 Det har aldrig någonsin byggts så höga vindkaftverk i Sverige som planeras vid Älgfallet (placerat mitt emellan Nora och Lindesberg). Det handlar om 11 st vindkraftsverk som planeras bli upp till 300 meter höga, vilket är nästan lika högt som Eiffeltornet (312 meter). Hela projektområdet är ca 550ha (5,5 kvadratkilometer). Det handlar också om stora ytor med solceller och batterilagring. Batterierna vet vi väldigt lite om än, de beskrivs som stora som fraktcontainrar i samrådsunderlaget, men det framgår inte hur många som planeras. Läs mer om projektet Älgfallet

* * *

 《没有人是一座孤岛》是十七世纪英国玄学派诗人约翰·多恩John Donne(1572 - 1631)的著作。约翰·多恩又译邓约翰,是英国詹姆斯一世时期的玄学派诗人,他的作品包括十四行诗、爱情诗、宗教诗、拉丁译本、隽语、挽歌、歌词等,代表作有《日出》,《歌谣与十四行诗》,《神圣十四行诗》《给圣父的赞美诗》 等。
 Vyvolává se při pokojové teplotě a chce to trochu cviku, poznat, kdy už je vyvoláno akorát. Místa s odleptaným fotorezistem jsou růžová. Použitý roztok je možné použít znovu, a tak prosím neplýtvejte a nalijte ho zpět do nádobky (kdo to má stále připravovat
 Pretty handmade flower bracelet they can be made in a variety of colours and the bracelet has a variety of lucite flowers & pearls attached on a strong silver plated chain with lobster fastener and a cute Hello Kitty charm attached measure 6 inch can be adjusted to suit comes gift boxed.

### The task:
Within the listing above, extract exactly the lines from the line with "Vyvolává se při" to the line with "Pretty handmade flower", the two named lines included, and no others.

### Solved exercise:
 Vyvolává se při pokojové teplotě a chce to trochu cviku, poznat, kdy už je vyvoláno akorát. Místa s odleptaným fotorezistem jsou růžová. Použitý roztok je možné použít znovu, a tak prosím neplýtvejte a nalijte ho zpět do nádobky (kdo to má stále připravovat
 Pretty handmade flower bracelet they can be made in a variety of colours and the bracelet has a variety of lucite flowers & pearls attached on a strong silver plated chain with lobster fastener and a cute Hello Kitty charm attached measure 6 inch can be adjusted to suit comes gift boxed.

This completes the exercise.